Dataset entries
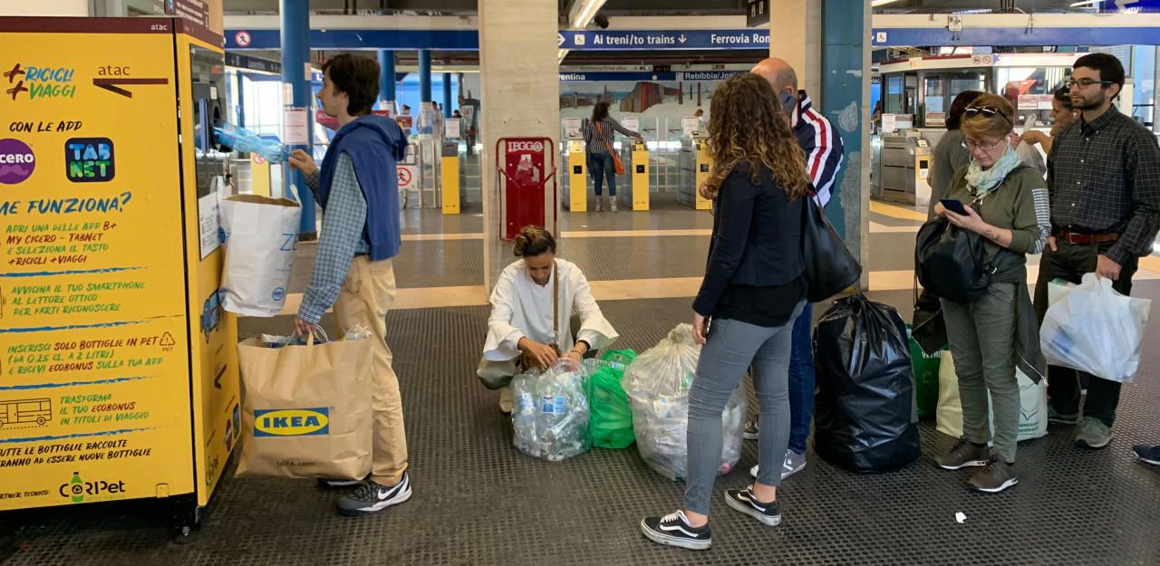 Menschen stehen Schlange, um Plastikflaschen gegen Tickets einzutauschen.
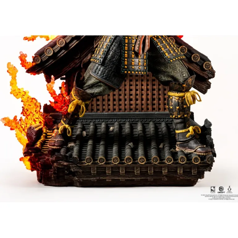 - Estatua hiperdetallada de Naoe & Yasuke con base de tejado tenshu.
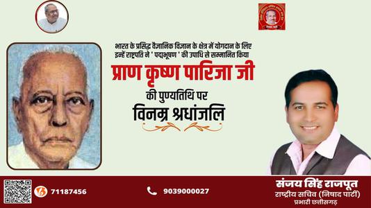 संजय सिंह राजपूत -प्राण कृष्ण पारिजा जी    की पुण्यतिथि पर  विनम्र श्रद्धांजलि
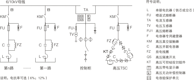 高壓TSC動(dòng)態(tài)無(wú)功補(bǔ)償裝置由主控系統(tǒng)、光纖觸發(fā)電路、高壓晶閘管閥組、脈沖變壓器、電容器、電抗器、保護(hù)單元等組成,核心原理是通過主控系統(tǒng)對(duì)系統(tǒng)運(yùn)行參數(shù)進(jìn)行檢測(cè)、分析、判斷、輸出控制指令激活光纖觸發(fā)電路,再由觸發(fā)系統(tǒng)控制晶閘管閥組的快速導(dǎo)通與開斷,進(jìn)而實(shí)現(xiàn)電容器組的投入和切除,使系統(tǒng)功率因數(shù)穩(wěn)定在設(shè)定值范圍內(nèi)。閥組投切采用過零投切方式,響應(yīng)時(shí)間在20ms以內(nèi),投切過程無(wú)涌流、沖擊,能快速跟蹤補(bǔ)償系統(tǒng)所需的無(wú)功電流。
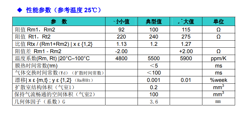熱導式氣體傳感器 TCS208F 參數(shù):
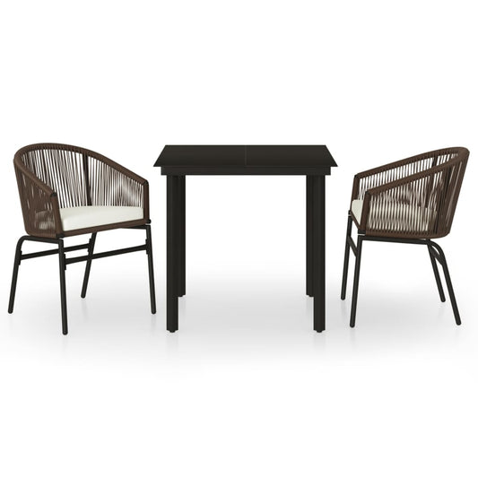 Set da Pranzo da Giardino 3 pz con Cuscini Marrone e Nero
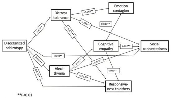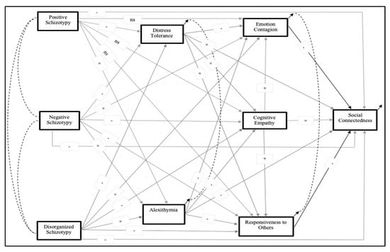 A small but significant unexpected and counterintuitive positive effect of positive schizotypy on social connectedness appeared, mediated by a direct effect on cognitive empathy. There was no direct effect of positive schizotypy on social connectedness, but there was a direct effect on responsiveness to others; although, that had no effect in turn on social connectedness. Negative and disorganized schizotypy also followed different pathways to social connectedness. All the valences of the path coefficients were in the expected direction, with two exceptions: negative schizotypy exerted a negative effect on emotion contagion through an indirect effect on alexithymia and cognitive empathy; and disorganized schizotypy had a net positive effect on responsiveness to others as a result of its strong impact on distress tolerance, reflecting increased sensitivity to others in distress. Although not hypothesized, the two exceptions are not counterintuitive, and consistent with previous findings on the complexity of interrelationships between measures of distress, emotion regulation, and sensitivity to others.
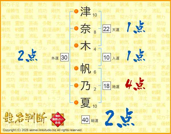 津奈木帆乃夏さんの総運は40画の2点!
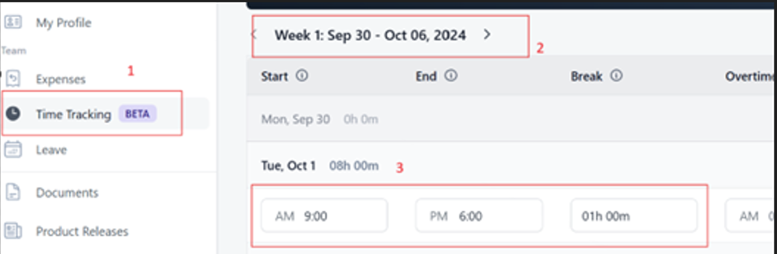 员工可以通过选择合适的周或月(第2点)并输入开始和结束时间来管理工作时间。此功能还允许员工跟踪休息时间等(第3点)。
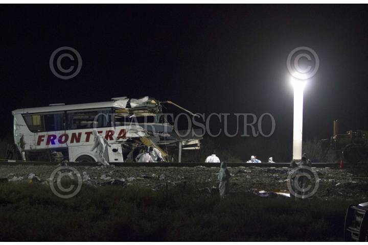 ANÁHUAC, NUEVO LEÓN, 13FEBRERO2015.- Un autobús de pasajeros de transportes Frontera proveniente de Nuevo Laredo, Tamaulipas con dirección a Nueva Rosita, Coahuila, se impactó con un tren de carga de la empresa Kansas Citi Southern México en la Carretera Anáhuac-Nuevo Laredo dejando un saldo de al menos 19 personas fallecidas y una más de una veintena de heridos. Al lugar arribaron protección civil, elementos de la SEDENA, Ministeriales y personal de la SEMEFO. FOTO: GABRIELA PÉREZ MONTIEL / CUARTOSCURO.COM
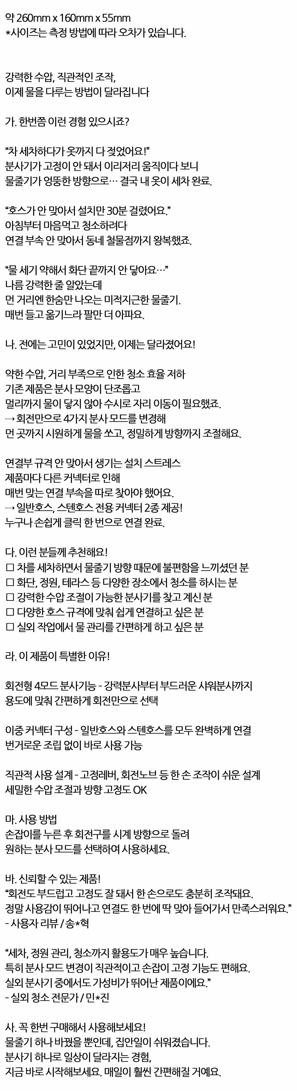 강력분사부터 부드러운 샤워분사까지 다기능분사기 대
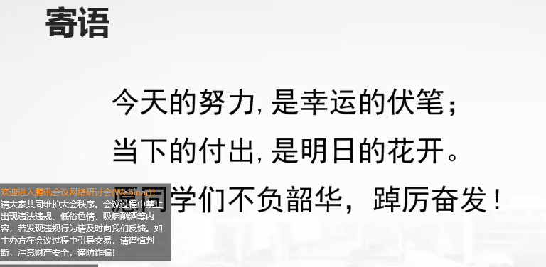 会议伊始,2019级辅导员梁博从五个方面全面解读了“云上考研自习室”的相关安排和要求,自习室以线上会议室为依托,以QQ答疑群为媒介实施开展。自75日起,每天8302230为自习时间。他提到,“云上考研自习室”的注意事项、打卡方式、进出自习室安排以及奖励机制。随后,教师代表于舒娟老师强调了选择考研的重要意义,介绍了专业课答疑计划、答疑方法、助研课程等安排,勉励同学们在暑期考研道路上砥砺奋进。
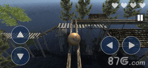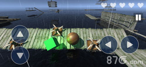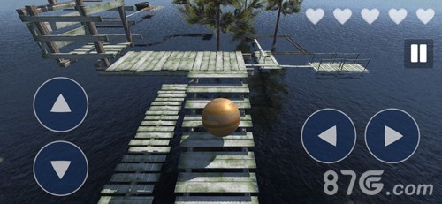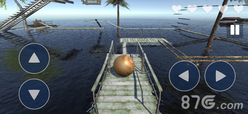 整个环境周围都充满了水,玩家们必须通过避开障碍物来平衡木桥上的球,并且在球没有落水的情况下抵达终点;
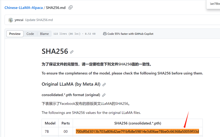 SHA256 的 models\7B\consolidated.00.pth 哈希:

-- WHAT THE TASK ASKS --
Output the records above exactly as they are, leaving out the pictures.

-- OUTPUT --
 Menschen stehen Schlange, um Plastikflaschen gegen Tickets einzutauschen.
 - Estatua hiperdetallada de Naoe & Yasuke con base de tejado tenshu.
 संजय सिंह राजपूत -प्राण कृष्ण पारिजा जी    की पुण्यतिथि पर  विनम्र श्रद्धांजलि
 高壓TSC動(dòng)態(tài)無(wú)功補(bǔ)償裝置由主控系統(tǒng)、光纖觸發(fā)電路、高壓晶閘管閥組、脈沖變壓器、電容器、電抗器、保護(hù)單元等組成,核心原理是通過主控系統(tǒng)對(duì)系統(tǒng)運(yùn)行參數(shù)進(jìn)行檢測(cè)、分析、判斷、輸出控制指令激活光纖觸發(fā)電路,再由觸發(fā)系統(tǒng)控制晶閘管閥組的快速導(dǎo)通與開斷,進(jìn)而實(shí)現(xiàn)電容器組的投入和切除,使系統(tǒng)功率因數(shù)穩(wěn)定在設(shè)定值范圍內(nèi)。閥組投切采用過零投切方式,響應(yīng)時(shí)間在20ms以內(nèi),投切過程無(wú)涌流、沖擊,能快速跟蹤補(bǔ)償系統(tǒng)所需的無(wú)功電流。
熱導式氣體傳感器 TCS208F 參數(shù):
 Set da Pranzo da Giardino 3 pz con Cuscini Marrone e Nero
 A small but significant unexpected and counterintuitive positive effect of positive schizotypy on social connectedness appeared, mediated by a direct effect on cognitive empathy. There was no direct effect of positive schizotypy on social connectedness, but there was a direct effect on responsiveness to others; although, that had no effect in turn on social connectedness. Negative and disorganized schizotypy also followed different pathways to social connectedness. All the valences of the path coefficients were in the expected direction, with two exceptions: negative schizotypy exerted a negative effect on emotion contagion through an indirect effect on alexithymia and cognitive empathy; and disorganized schizotypy had a net positive effect on responsiveness to others as a result of its strong impact on distress tolerance, reflecting increased sensitivity to others in distress. Although not hypothesized, the two exceptions are not counterintuitive, and consistent with previous findings on the complexity of interrelationships between measures of distress, emotion regulation, and sensitivity to others.
 津奈木帆乃夏さんの総運は40画の2点!
 员工可以通过选择合适的周或月(第2点)并输入开始和结束时间来管理工作时间。此功能还允许员工跟踪休息时间等(第3点)。
 ANÁHUAC, NUEVO LEÓN, 13FEBRERO2015.- Un autobús de pasajeros de transportes Frontera proveniente de Nuevo Laredo, Tamaulipas con dirección a Nueva Rosita, Coahuila, se impactó con un tren de carga de la empresa Kansas Citi Southern México en la Carretera Anáhuac-Nuevo Laredo dejando un saldo de al menos 19 personas fallecidas y una más de una veintena de heridos. Al lugar arribaron protección civil, elementos de la SEDENA, Ministeriales y personal de la SEMEFO. FOTO: GABRIELA PÉREZ MONTIEL / CUARTOSCURO.COM
 강력분사부터 부드러운 샤워분사까지 다기능분사기 대
 会议伊始,2019级辅导员梁博从五个方面全面解读了“云上考研自习室”的相关安排和要求,自习室以线上会议室为依托,以QQ答疑群为媒介实施开展。自75日起,每天8302230为自习时间。他提到,“云上考研自习室”的注意事项、打卡方式、进出自习室安排以及奖励机制。随后,教师代表于舒娟老师强调了选择考研的重要意义,介绍了专业课答疑计划、答疑方法、助研课程等安排,勉励同学们在暑期考研道路上砥砺奋进。
 整个环境周围都充满了水,玩家们必须通过避开障碍物来平衡木桥上的球,并且在球没有落水的情况下抵达终点;
 SHA256 的 models\7B\consolidated.00.pth 哈希:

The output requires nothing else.